Question
Loba Law owns and operates her own business manufacturing baking sets, which she then sells to six merchandising firms. The list price of a baking
Loba Law owns and operates her own business manufacturing baking sets, which she then sells to six merchandising firms. The list price of a baking set is $40, and the full manufacturing costs are $28. Loba's salespeople receive a commission on sales, but the commission is based on number of orders taken, not on sales revenue generated or number of units sold. Salespeople receive a commission of $15 per order, in addition to their regular salary.
Loba manufactures her baking sets based on anticipated demand. She always carries an inventory of her baking sets, so rush orders do not result in any extra manufacturing costs over and above the $28 per unit. Loba ships her products to customers at no additional charge for either regular or expedited delivery, even though she often does incur significantly higher costs for expedited deliveries. Customers occasionally return shipments, and the Loba subtracts these returns from gross revenue. The customers are not charged a restocking fee for returns.
Budgeted (expected) customer-level cost driver rates are:
Order taking (excluding sales commission) | $18 per order |
Product handling | $2.20 per unit |
Delivery | $1.50 per mile driven |
Expedited (rush) delivery | $160 per shipment |
Restocking | $45 per returned shipment |
Visits to customers | $130 per customer |
Because salespeople are paid $15 commission per order, they often break up large orders into multiple smaller orders. This practice reduces the actual order-taking cost by $9 per smaller order (from $18 per order to $9 per order) because the smaller orders are all written at the same time. This lower cost rate is not included in budgeted rates because salespeople create smaller orders without telling management or the accounting department. All other actual costs are the same as budgeted costs.
Information about Veronicas clients follows:
| JD | HC | BF | PF | HD | PD |
Total number of units purchased | 225 | 520 | 295 | 110 | 390 | 1,050 |
Number of actual orders | 5 | 20 | 4 | 6 | 9 | 18 |
Number of written orders | 10 | 20* | 9 | 12 | 24 | 36 |
Total number of miles driven to deliver all products | 360 | 580 | 350 | 220 | 790 | 850 |
Total number of units returned | 15 | 40 | 0 | 0 | 35 | 40 |
Number of returned shipments | 3 | 2 | 0 | 0 | 1 | 5 |
Number of expedited deliveries | 0 | 8 | 0 | 0 | 3 | 4 |
* Because HC places 20 separate orders, its order costs are always $18 per order. All other orders are multiple smaller orders and so have actual order costs of $9 each. |
Required:
- Classify each of the customer-level operating costs as a customer output unitlevel, customer batch-level, or customer-sustaining cost.
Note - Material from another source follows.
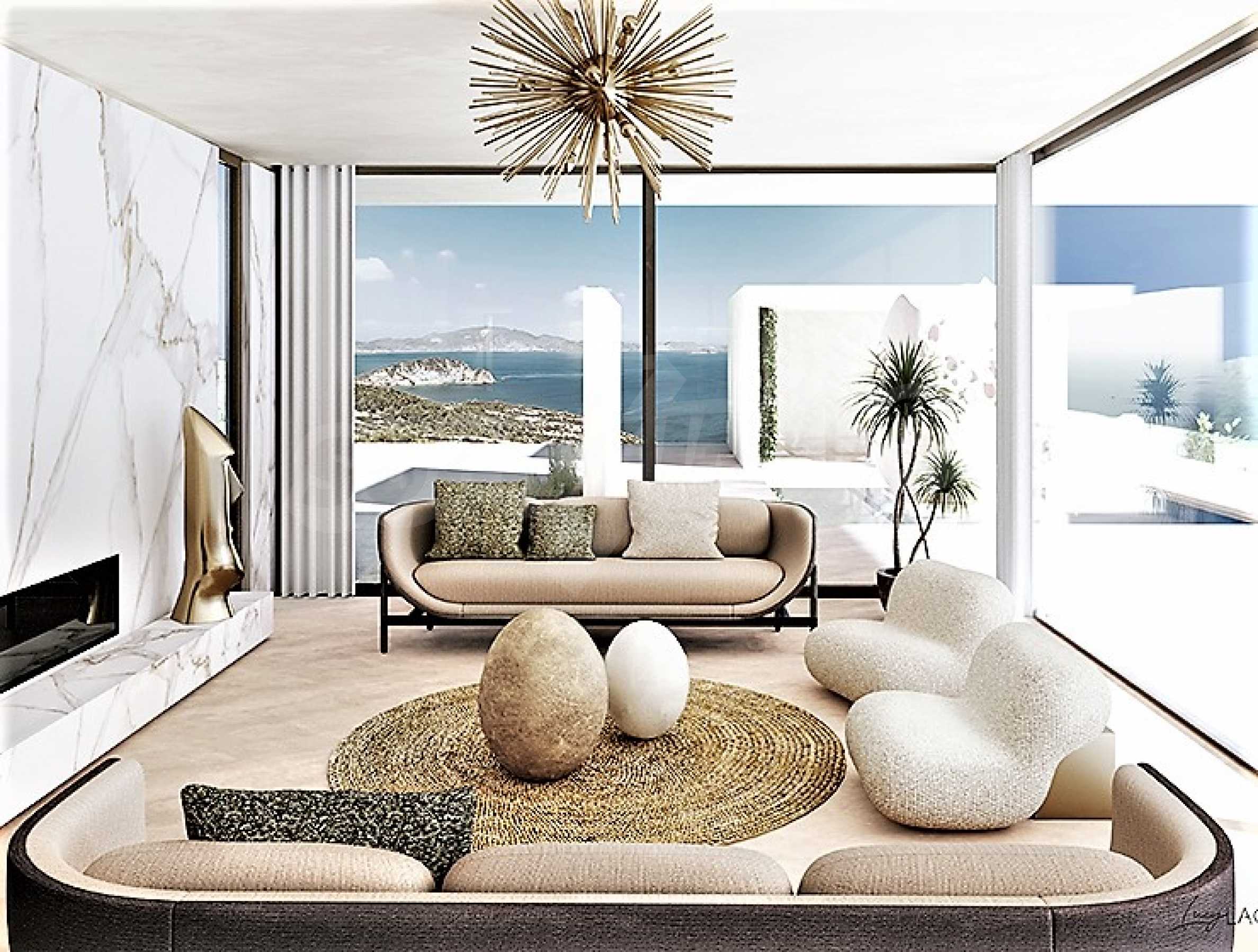 Villa Gaia is designed taking into account the climate, the trajectory of the sun and the prevailing wind direction and is combined with the beauty of the landscape. The architect has focused entirely on the human scale, from the design of the landscape to the articulation of the building, from the spaciousness of the interior to the smallest detail of the materials. Infinity pool is 18 meters by 5 meters and a depth of 1.60 meters, with sun loungers. This is the perfect place to sit and enjoy the sea, garden or mountain views with a cocktail in hand. Milky pink colors, sandy shades and textures, as well as the olive palette predominate in the furniture and in the overall interior. The EGG sculpture is the dominant composition. The villa consists of a series of corners, a place to sit in the calm morning watching the sunrise, a place to gather with the whole family for lunch in the cool shade and wind, a place for contemplation under a hundred-year-old olive tree, a place to drink a glass of wine at the end on the day with friends overlooking the landscape of Lagana Bay.

- Using the preceding information, calculate the expected customer-level operating income for Loba's six customers. Use the number of written orders at $18 each to calculate expected order costs.
- (a) Recalculate the customer-level operating income using the number of written orders but at their actual $9 cost per order instead of $18 (except for HC, whose actual cost is always $18 per order) (b) How will Loba evaluate customer-level operating cost performance this period?
- Recalculate the customer-level operating income if salespeople had not broken up actual orders into multiple smaller orders. Dont forget to also adjust sales commissions.
(a) How is the behavior of the salespeople affecting the profit of the business? Is their behavior ethical? (b) What could Loba do to change the behavior of her salespeople?